Given material:
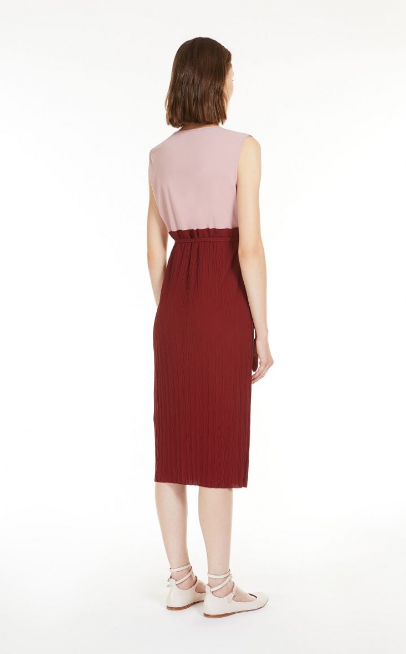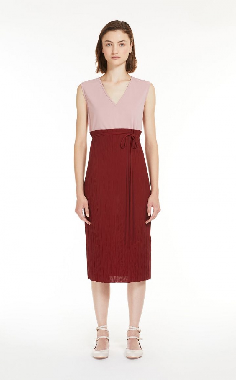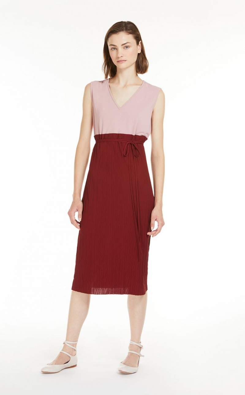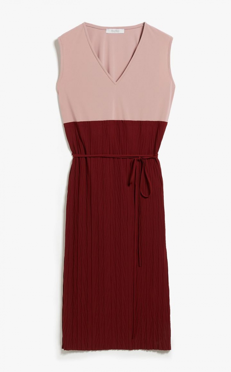 Slim fit sleeveless dress in soft two way stretch jersey fabric. The plain coloured bodice with a V neck front compliments the bark look vertical pleat calf length skirt. The small ruche decorated waistline, on the other hand, slims the figure, whilst the matching small tubular belt accentuates the silhouette.
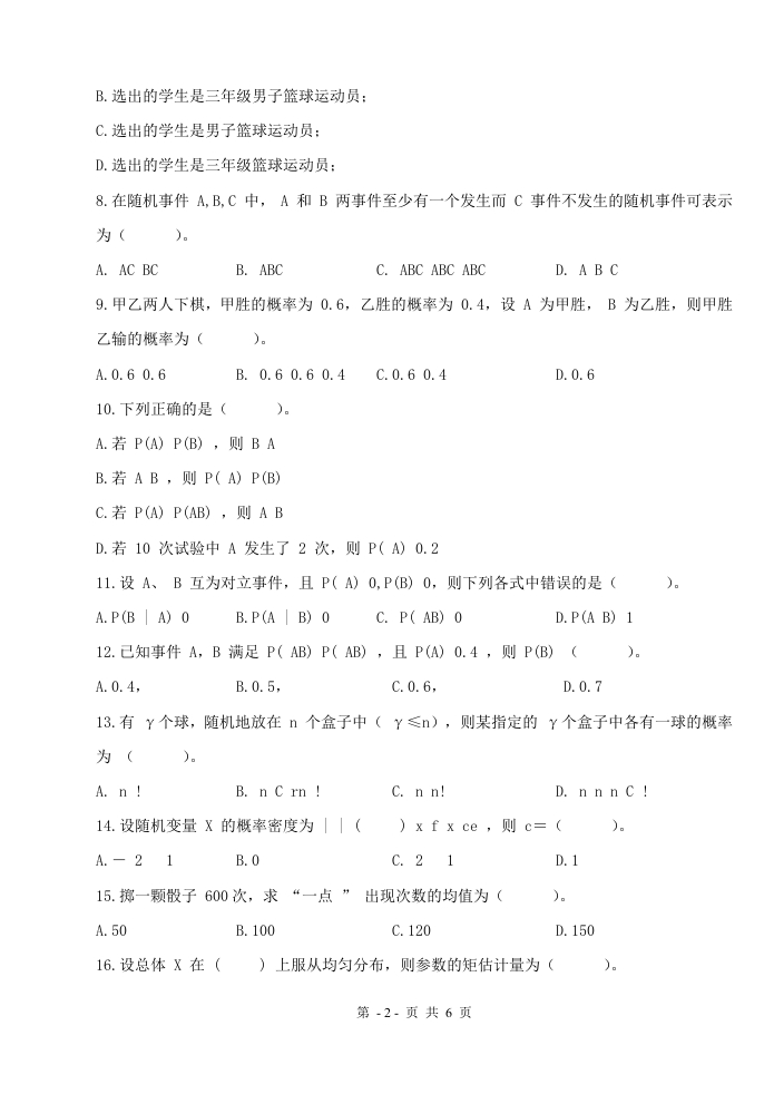 概率与统计A卷(备考练习试题)348072@abc6天前发布关注私信0.11MB6页039概率与统计A卷(备考练习试题)此内容为付费资源,请付费后查看¥19¥23黄金会员免费钻石会员免费立即购买您当前未登录!建议登陆后购买,可保存购买订单付费资源 第1页 / 共6页 第2页 / 共6页 第3页 / 共6页 第4页 / 共6页 试读已结束,还剩2页,您可下载完整版后进行离线阅读 THE ENDPPT模板历史学类哲学类土木工程 喜欢就支持一下吧收藏
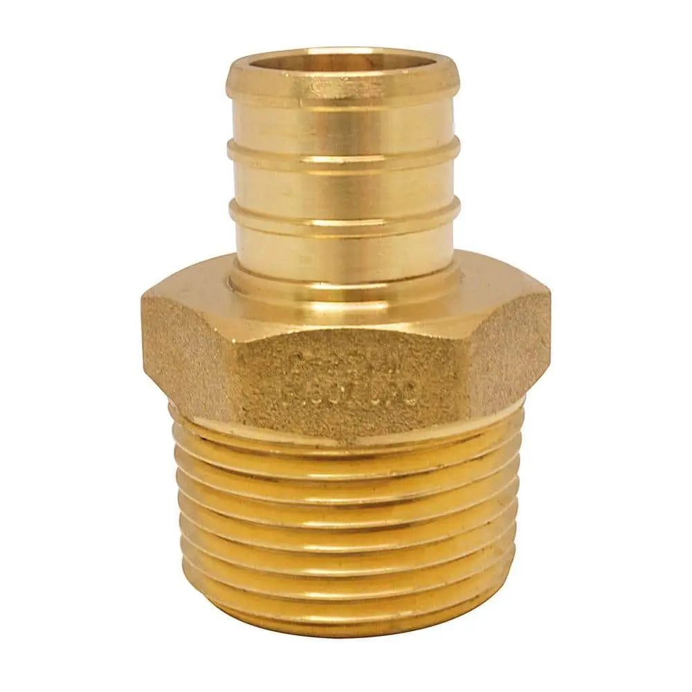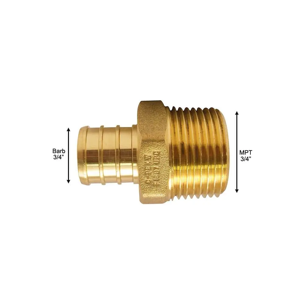 The ApolloPEX 3/4 in. Brass PEX Barb x 3/4 in. Male Pipe Thread Adapter is easy to install and ideal for potable water piping systems. ApolloPEX barb fittings provide a cost-effective solution for both residential and hydronic heating systems. These adapters can be secured with copper crimps, stainless steel pinch clamps, or crimp sleeves (sold separately). The ApolloPEX system includes a full range of brass fittings, poly alloy fittings, manifolds, valves, and tools designed for efficient water delivery.

Try it: All of the data, minus its pictures, should be repeated exactly.

Reply to the task:
 Slim fit sleeveless dress in soft two way stretch jersey fabric. The plain coloured bodice with a V neck front compliments the bark look vertical pleat calf length skirt. The small ruche decorated waistline, on the other hand, slims the figure, whilst the matching small tubular belt accentuates the silhouette.
 概率与统计A卷(备考练习试题)348072@abc6天前发布关注私信0.11MB6页039概率与统计A卷(备考练习试题)此内容为付费资源,请付费后查看¥19¥23黄金会员免费钻石会员免费立即购买您当前未登录!建议登陆后购买,可保存购买订单付费资源 第1页 / 共6页 第2页 / 共6页 第3页 / 共6页 第4页 / 共6页 试读已结束,还剩2页,您可下载完整版后进行离线阅读 THE ENDPPT模板历史学类哲学类土木工程 喜欢就支持一下吧收藏
 The ApolloPEX 3/4 in. Brass PEX Barb x 3/4 in. Male Pipe Thread Adapter is easy to install and ideal for potable water piping systems. ApolloPEX barb fittings provide a cost-effective solution for both residential and hydronic heating systems. These adapters can be secured with copper crimps, stainless steel pinch clamps, or crimp sleeves (sold separately). The ApolloPEX system includes a full range of brass fittings, poly alloy fittings, manifolds, valves, and tools designed for efficient water delivery.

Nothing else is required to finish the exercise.